Only the lines from the one with "Install a mix" to the end of the data, both ends included, should be output, exactly as they stand and without pictures.

*** Information shown Section Begins ***

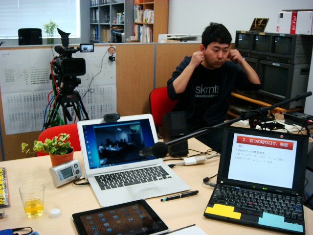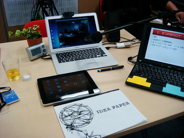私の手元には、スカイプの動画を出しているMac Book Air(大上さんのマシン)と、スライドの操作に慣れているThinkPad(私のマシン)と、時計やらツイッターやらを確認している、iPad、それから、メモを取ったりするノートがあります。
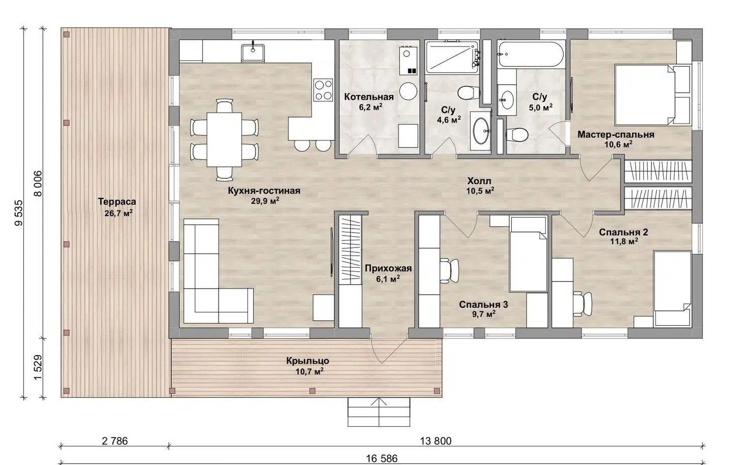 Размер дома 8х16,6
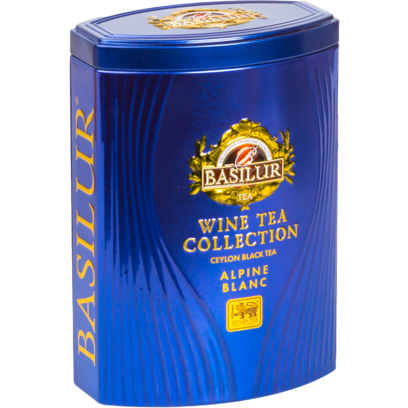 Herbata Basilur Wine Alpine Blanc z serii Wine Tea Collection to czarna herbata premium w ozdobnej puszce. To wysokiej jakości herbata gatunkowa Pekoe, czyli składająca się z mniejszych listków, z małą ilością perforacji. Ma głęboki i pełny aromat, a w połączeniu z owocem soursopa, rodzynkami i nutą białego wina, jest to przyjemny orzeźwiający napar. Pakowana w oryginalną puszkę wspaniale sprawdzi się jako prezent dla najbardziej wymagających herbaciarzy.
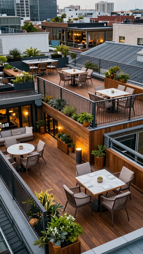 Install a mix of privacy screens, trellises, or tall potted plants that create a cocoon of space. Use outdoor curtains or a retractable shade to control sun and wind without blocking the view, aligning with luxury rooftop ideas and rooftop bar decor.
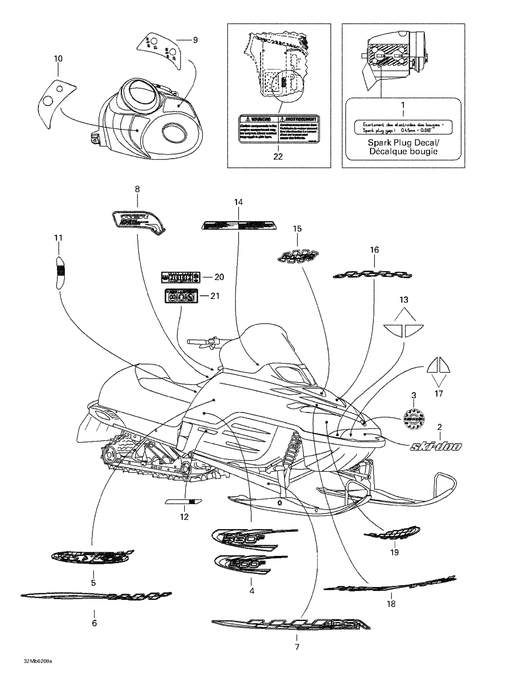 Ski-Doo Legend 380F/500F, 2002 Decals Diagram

*** Information shown Section Ends ***

Solved exercise:
 Install a mix of privacy screens, trellises, or tall potted plants that create a cocoon of space. Use outdoor curtains or a retractable shade to control sun and wind without blocking the view, aligning with luxury rooftop ideas and rooftop bar decor.
 Ski-Doo Legend 380F/500F, 2002 Decals Diagram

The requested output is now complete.